Einem solchen Wannabe das Gesundheitsressort zu überlassen,
grenzt m.E. an das Bild, wie der berühmte Bock zum Gärtner gemacht wird.
Wolfgang Bieber
Gast
Philipp Rösler will in den elektoralen Pop-Olymp. Dabei soll ihm seine neue FDP-Boygroup helfen. Doch Groupies allein machen noch keine Band; auch nicht, wenn sie Daniel Bahr heißen:
http://bit.ly/mD4Mj4
Jared J. Myers
Gast
An Herrn Bahr erinnere ich mich noch sehr unangenehm als "Erfinder" des Elterngeldes. Seine Idee war - als überzeugter Sozialdarwinist - dass "die falschen (nämlich armen; d.A.) Leute Kinder kriegen". Logische Konsequenz: Man möge doch die Reichen für's Kinderkriegen belohnen und den Sozialfällen die Hälfte des ihnen damals zustehenden Erziehungsgeldes nehmen.
So geschehen später durch U. v.d. Leyen, Tochter Ernst Albrechts und leuchtendes Vorbild für reiche Kinderkrieger.
Zeitgleich zu Herrn Bahrs Vorschlägen tauchte die Lüge von der Kinderlosigkeit der Akademikerfrauen auf; obendrein wollte man uns glauben machen, die demographische Altersverteilung in Deutschland sei Schuld am allmählichen Kollaps des Sozialsystems, das angeblich aus den Fugen geriete.
Mittlerweile hat sich herumgesprochen, dass nicht die ErwerbsFÄHIGEN, sondern die Anzahl der ErwerbsTÄTIGEN die Alterssicherung tragen; die Höhe der Renten ist eine Funktion der geleisteten Arbeitsstunden und der Höhe der Gehälter und Löhne. Weiterhin weiß man, dass die Soziallasten seit den 60er Jahren einen konstanten Anteil des BNP ausmachen.
Das Elterngeld, das seine Existenz rechten deologien verdankt, wurde seltsamerweise nicht wieder abgeschafft.
Celsus
Gast
Die gesetzliche Krankenversicherung soll also zu einer Art Grudnversorgung schrumpfen. Das ist die Fortführung der Zerschlagung der Sozialversicherung. Immer höhere Risiken müssen dann privat abgesichert werden.

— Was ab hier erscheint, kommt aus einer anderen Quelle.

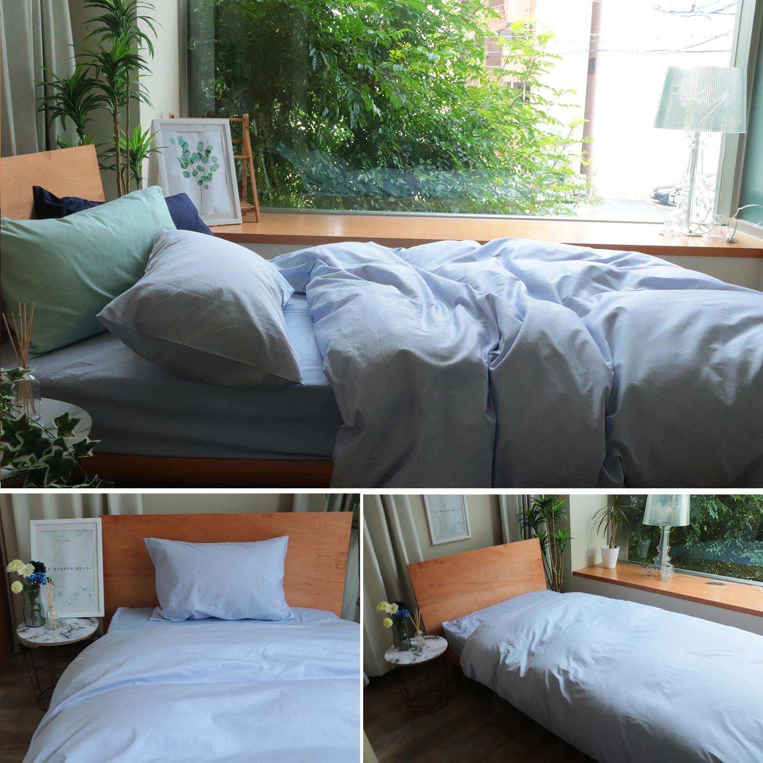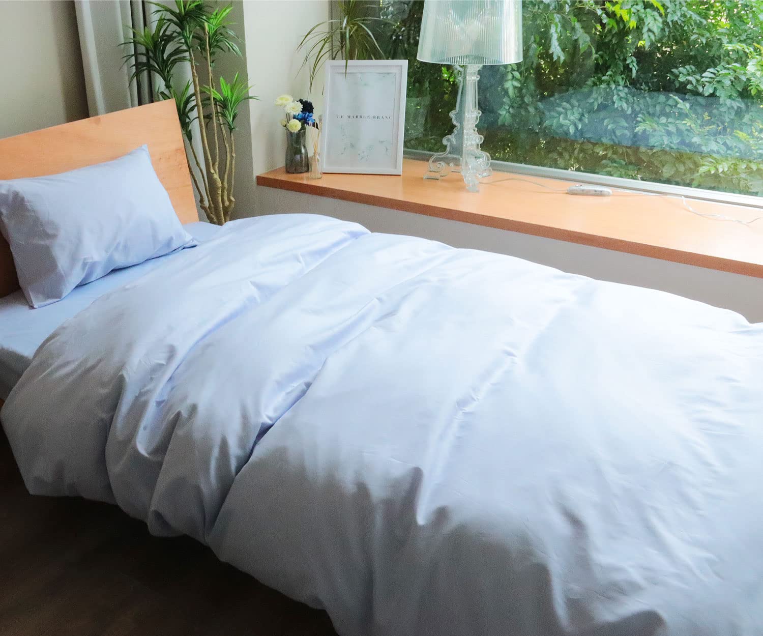 MORE 掛け布団カバー シングル 150x210cm 日本製 綿100% 無地 高密度200本 抗菌防臭加工 8ヶ所紐付き ホテル仕様 (シングル ブルー)

Anders herum gesehen, wird es auch den besseren Risiken als ersten ermöglicht, sich privat versicherun zu lassen. Wer dann mit dem Utnerton der Verwunderung von schlechten Zahlen der Sozialversicherung nach fortgesetzten "Verbesserungen" der schwarz-gelben Regierung spricht, versteht nichts von diesem System, will nichts davon verstehen und lässt lieber Menschen leiden, als den Privaten eine Einnahme entgehen zu lassen.